Your objective: Leaving the pictures aside, reproduce the data in full and word for word.

Data extract:
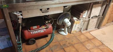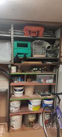 Disponibile una grande quantità di attrezzi e utensili...compreso un compressore di qualità e funzionante (che nuovo va sulle 180€)e un trapano...oltre a tinte, cacciaviti,chiavi,martelli,scaffali etc etc...(foto).
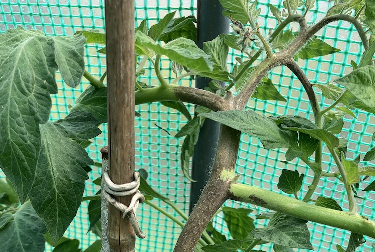 A supposedly resistant tomato variety showing bad signs of blight in its stem.
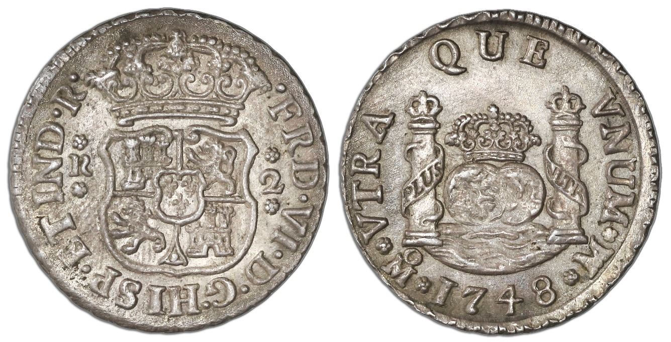 Mexico City, Mexico, pillar 2 reales, Ferdinand VI, 1748M, pellets at beginning and end of shield-si
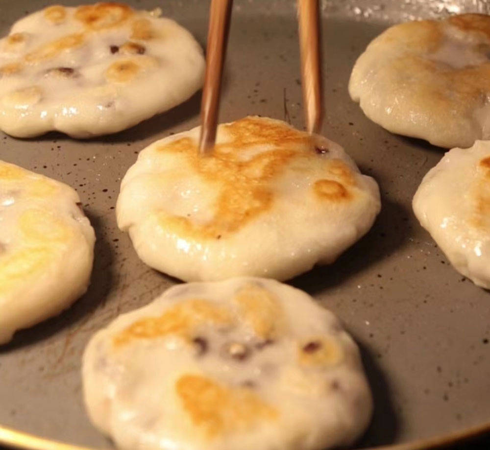5、不粘锅来煎,里边刷点油,其煎出来更焦黄,火候不要太大,中等慢煎,一两分钟后翻面一次,看起来透明了,就熟了。
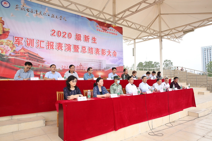 本网讯 猎猎旌旗,飒爽英姿,沙场秋点兵。9月29日下午,学院举行2020级新生军训汇报表演暨总结表彰大会。学院党委书记石象斌,党委副书记、院长王国武,党委副书记、纪委书记韩光辉,党委委员、副院长马莉莉,党委委员、副院长姚卿佐,党委委员、组织人事处处长辛颖,党委委员、院长助理陈再文,陆军装甲兵学院蚌埠校区教练勤务营警通勤务连何雷超指导员,陆军装甲兵学院蚌埠校区教练勤务营外训三队王洋参谋出席大会。学院各部门负责同志、全体2020级新生及辅导员参加活动。大会由韩光辉主持。
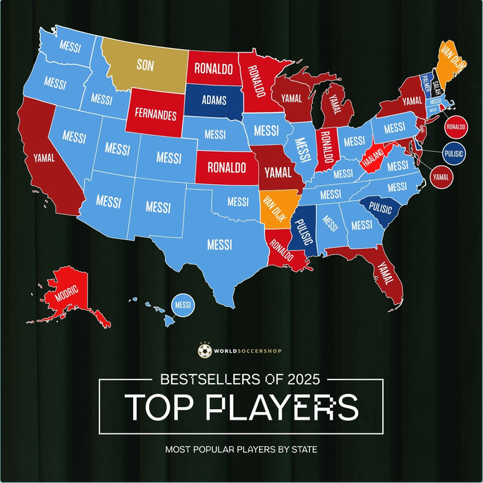 📰美国足球装备零售商WorldSoccerShop发布其2025年销售榜单(按州统计):
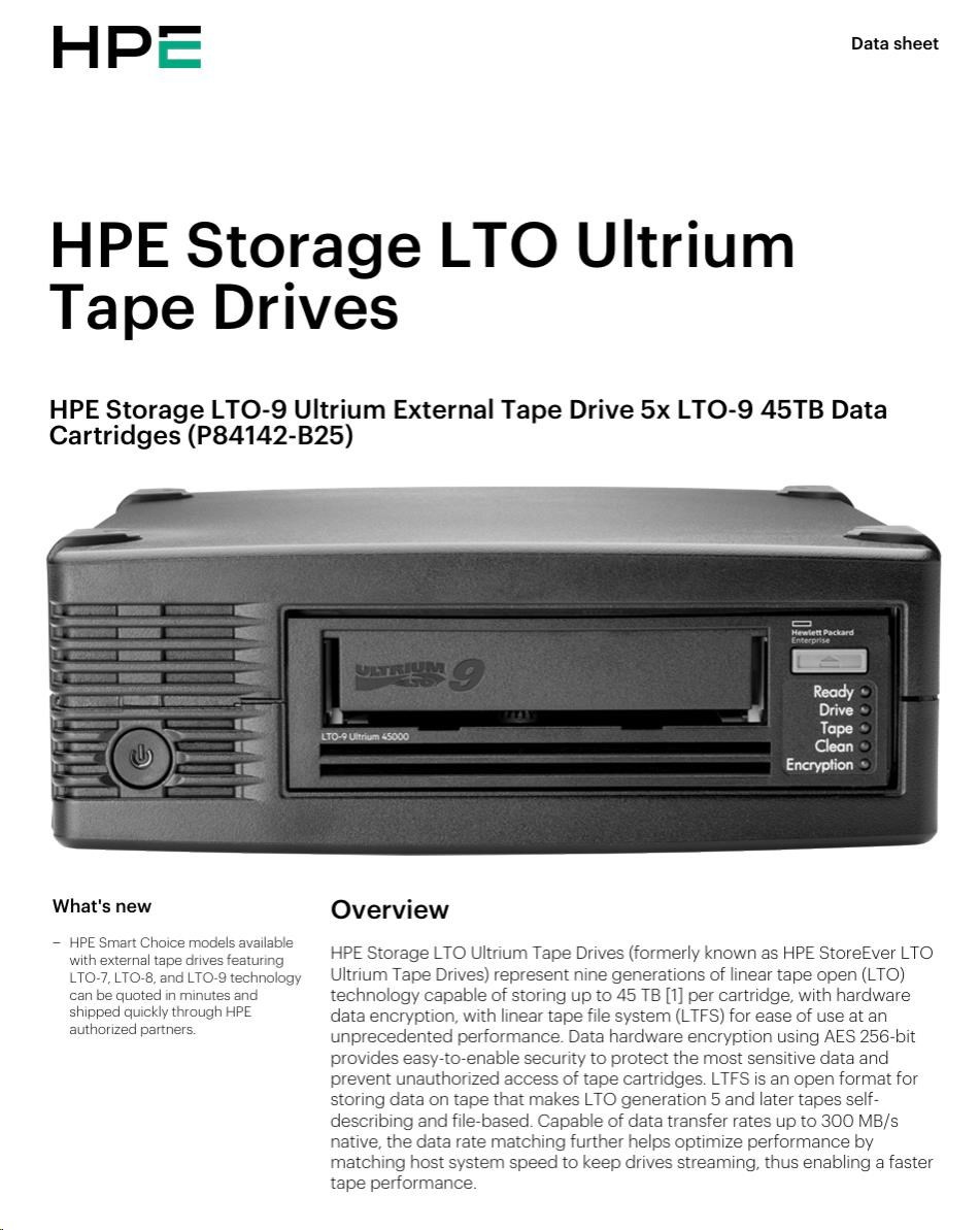 HPE Storage LTO-9 Ultrium External Tape Drive 5x LTO-9 45TB Data Cartridges
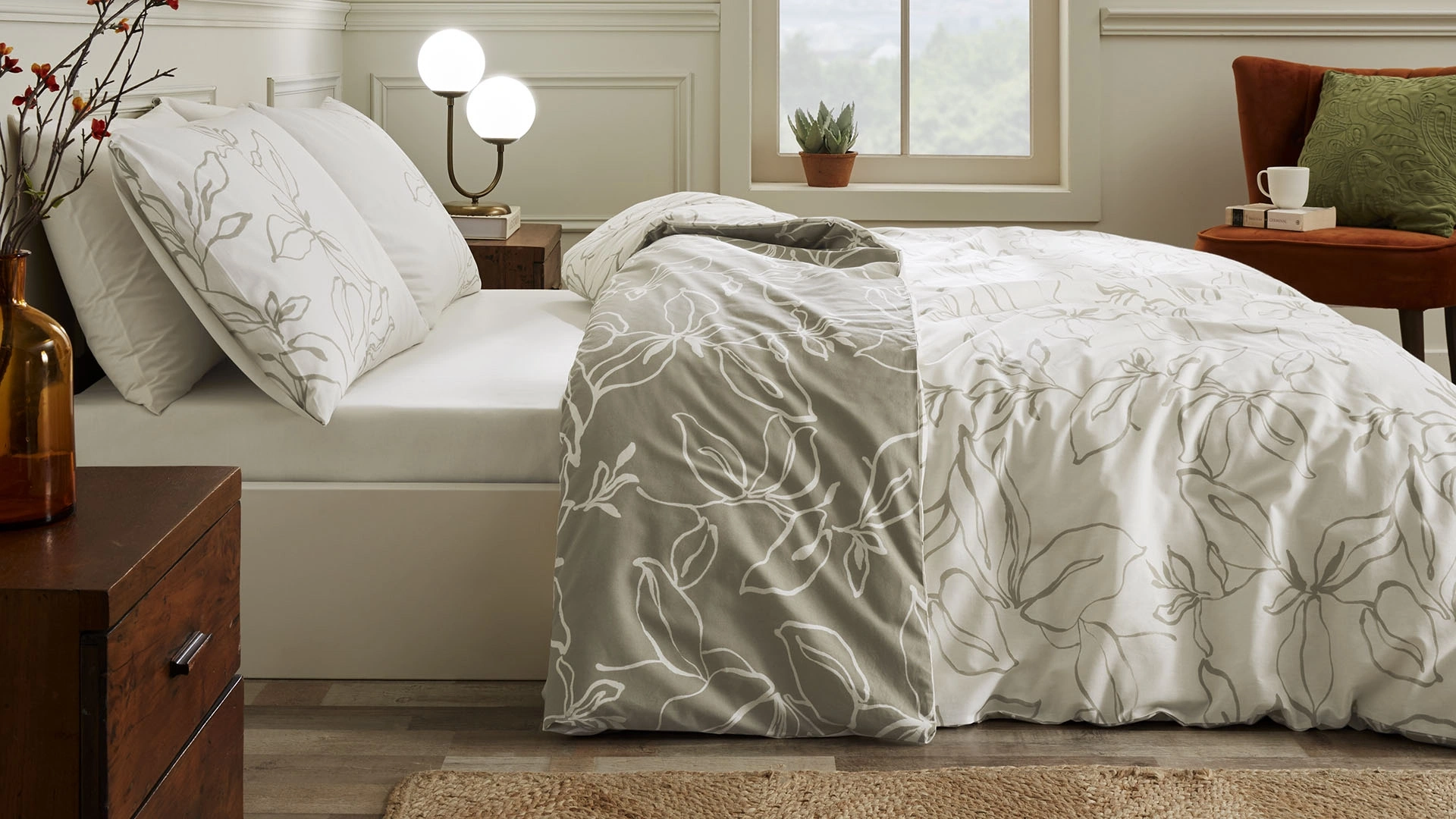 Ventra nevresim takımı, zarif yaprak desenleri ve sade tonların uyumuyla doğal bir şıklık sunar. Modern çizgilerle yorumlanan floral desenler, ortamda yumuşak ve dengeli bir atmosfer yaratır. Gri ve bej tonlarının uyumu ise dinginlik arayanlara hitap eder. Ventra nevresim takımının her iki yüzü de farklı renk zemine sahip aynı desenle tasarlanarak çift yönlü kullanım imkânı sağlar. Bu özellik sayesinde yatak odanızda ufak bir değişiklikle büyük bir etki yaratabilirsiniz.

Problem solution:
 Disponibile una grande quantità di attrezzi e utensili...compreso un compressore di qualità e funzionante (che nuovo va sulle 180€)e un trapano...oltre a tinte, cacciaviti,chiavi,martelli,scaffali etc etc...(foto).
 A supposedly resistant tomato variety showing bad signs of blight in its stem.
 Mexico City, Mexico, pillar 2 reales, Ferdinand VI, 1748M, pellets at beginning and end of shield-si
5、不粘锅来煎,里边刷点油,其煎出来更焦黄,火候不要太大,中等慢煎,一两分钟后翻面一次,看起来透明了,就熟了。
 本网讯 猎猎旌旗,飒爽英姿,沙场秋点兵。9月29日下午,学院举行2020级新生军训汇报表演暨总结表彰大会。学院党委书记石象斌,党委副书记、院长王国武,党委副书记、纪委书记韩光辉,党委委员、副院长马莉莉,党委委员、副院长姚卿佐,党委委员、组织人事处处长辛颖,党委委员、院长助理陈再文,陆军装甲兵学院蚌埠校区教练勤务营警通勤务连何雷超指导员,陆军装甲兵学院蚌埠校区教练勤务营外训三队王洋参谋出席大会。学院各部门负责同志、全体2020级新生及辅导员参加活动。大会由韩光辉主持。
 📰美国足球装备零售商WorldSoccerShop发布其2025年销售榜单(按州统计):
 HPE Storage LTO-9 Ultrium External Tape Drive 5x LTO-9 45TB Data Cartridges
 Ventra nevresim takımı, zarif yaprak desenleri ve sade tonların uyumuyla doğal bir şıklık sunar. Modern çizgilerle yorumlanan floral desenler, ortamda yumuşak ve dengeli bir atmosfer yaratır. Gri ve bej tonlarının uyumu ise dinginlik arayanlara hitap eder. Ventra nevresim takımının her iki yüzü de farklı renk zemine sahip aynı desenle tasarlanarak çift yönlü kullanım imkânı sağlar. Bu özellik sayesinde yatak odanızda ufak bir değişiklikle büyük bir etki yaratabilirsiniz.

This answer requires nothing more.